Task details:
Can you transcribe the data exactly? Leave the pictures out.

Data provided:
------------------------------------------------------------------------

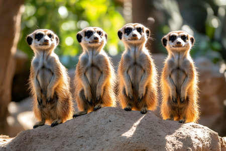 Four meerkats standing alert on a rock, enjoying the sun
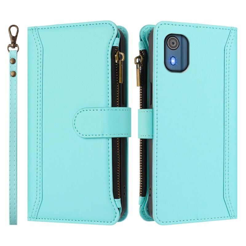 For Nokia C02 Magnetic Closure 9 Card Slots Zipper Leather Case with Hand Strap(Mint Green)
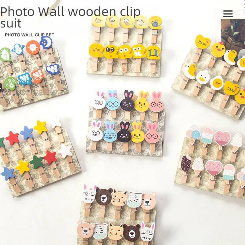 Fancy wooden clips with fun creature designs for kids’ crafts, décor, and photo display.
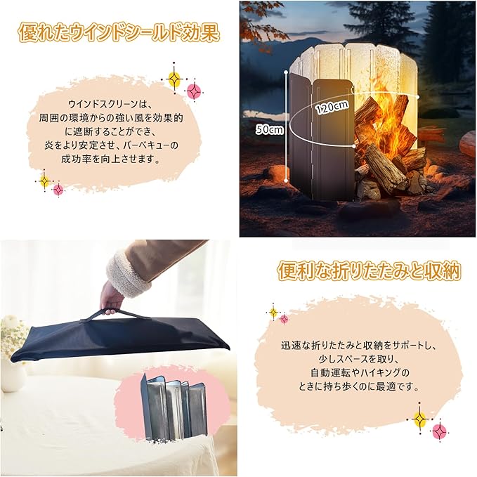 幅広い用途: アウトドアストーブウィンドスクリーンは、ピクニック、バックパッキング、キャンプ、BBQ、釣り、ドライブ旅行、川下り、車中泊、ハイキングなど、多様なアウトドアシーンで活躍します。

------------------------------------------------------------------------

Completed exercise:
 Four meerkats standing alert on a rock, enjoying the sun
 For Nokia C02 Magnetic Closure 9 Card Slots Zipper Leather Case with Hand Strap(Mint Green)
 Fancy wooden clips with fun creature designs for kids’ crafts, décor, and photo display.
 幅広い用途: アウトドアストーブウィンドスクリーンは、ピクニック、バックパッキング、キャンプ、BBQ、釣り、ドライブ旅行、川下り、車中泊、ハイキングなど、多様なアウトドアシーンで活躍します。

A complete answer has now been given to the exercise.